> The input

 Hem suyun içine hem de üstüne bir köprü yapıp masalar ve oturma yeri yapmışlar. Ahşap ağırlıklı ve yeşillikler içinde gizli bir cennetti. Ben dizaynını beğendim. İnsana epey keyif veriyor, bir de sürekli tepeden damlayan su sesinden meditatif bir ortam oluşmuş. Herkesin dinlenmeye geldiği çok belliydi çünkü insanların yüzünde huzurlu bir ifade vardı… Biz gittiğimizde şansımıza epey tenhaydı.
==
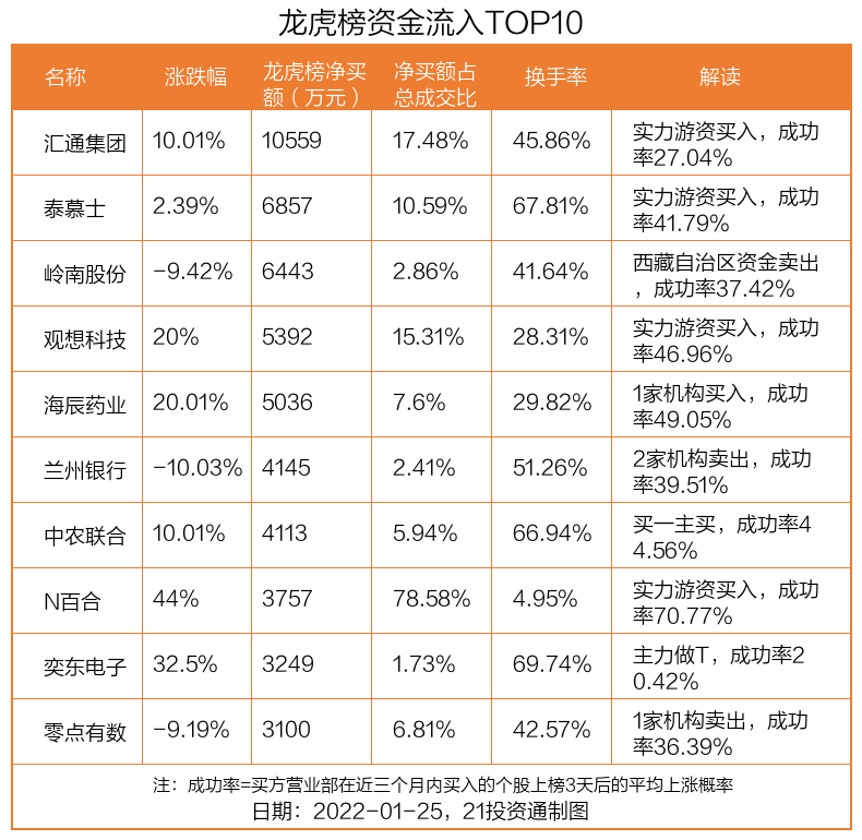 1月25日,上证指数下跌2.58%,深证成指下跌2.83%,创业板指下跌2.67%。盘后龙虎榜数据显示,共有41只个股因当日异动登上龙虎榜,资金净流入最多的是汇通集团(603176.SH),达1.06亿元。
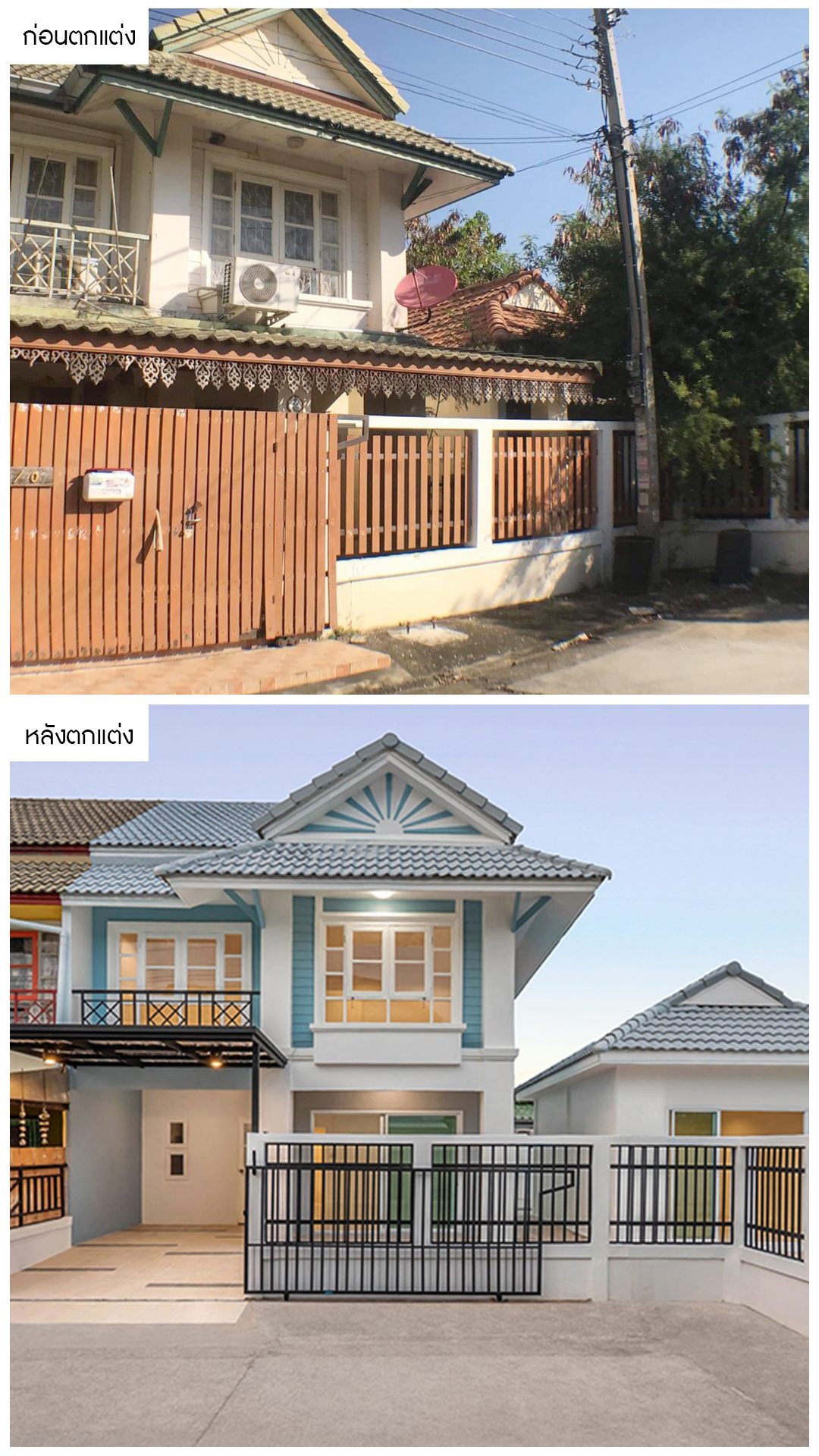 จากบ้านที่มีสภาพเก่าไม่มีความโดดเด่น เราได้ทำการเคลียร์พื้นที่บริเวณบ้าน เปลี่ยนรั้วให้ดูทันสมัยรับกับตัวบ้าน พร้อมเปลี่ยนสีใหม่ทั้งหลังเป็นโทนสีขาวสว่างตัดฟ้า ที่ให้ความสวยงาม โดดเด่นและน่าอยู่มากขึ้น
--
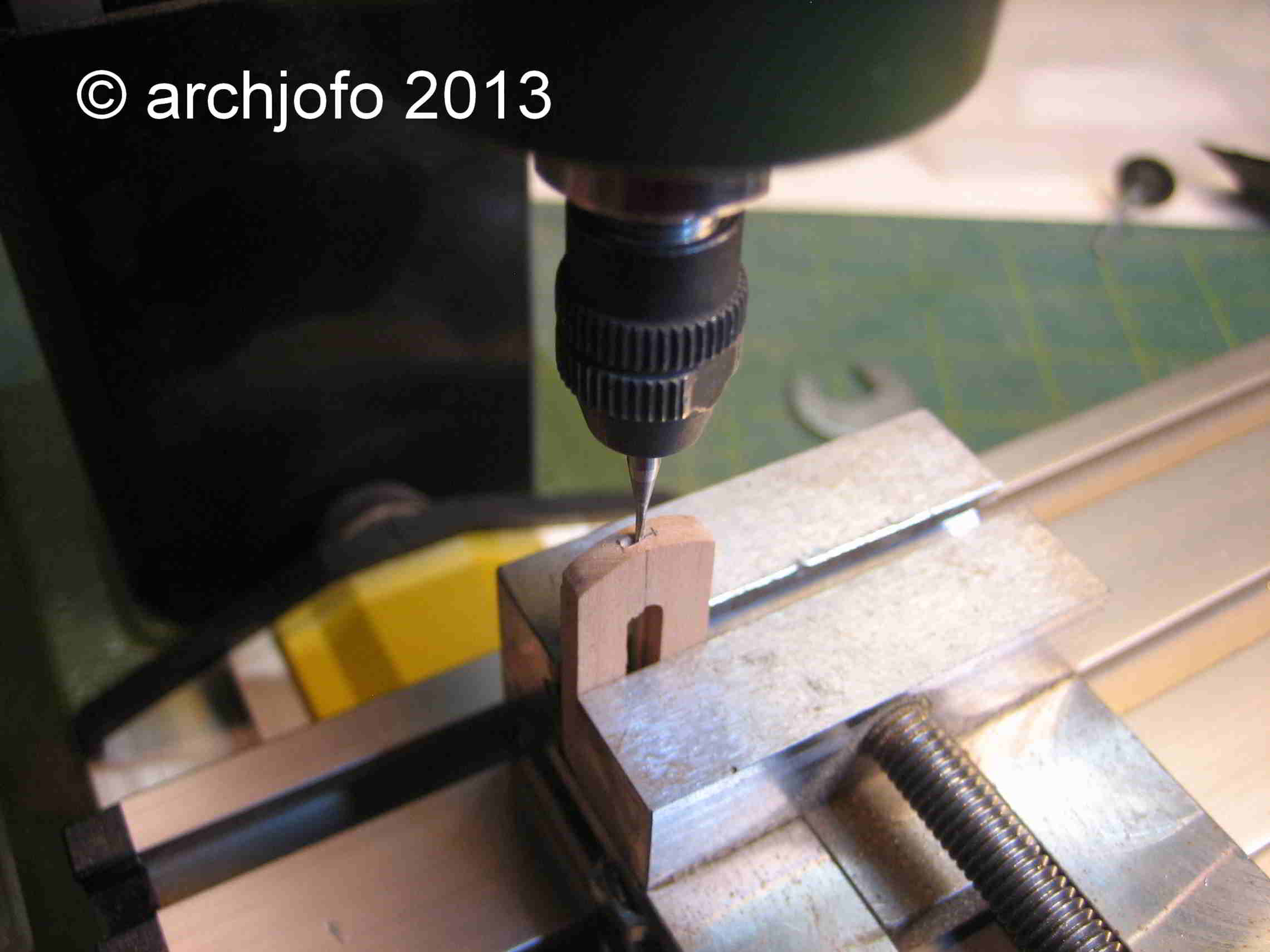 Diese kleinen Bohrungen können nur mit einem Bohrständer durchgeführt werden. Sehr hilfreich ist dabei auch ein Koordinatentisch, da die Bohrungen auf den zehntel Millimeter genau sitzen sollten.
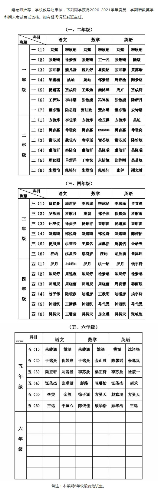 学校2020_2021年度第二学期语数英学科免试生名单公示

> Your instructions
In the listing above, find the line with "Diese kleinen Bohrungen" and output every line through the one with "学校2020_2021年度第二学期语数英学科免试生名单公示", exactly, without the pictures.

> Finished exercise
 Diese kleinen Bohrungen können nur mit einem Bohrständer durchgeführt werden. Sehr hilfreich ist dabei auch ein Koordinatentisch, da die Bohrungen auf den zehntel Millimeter genau sitzen sollten.
 学校2020_2021年度第二学期语数英学科免试生名单公示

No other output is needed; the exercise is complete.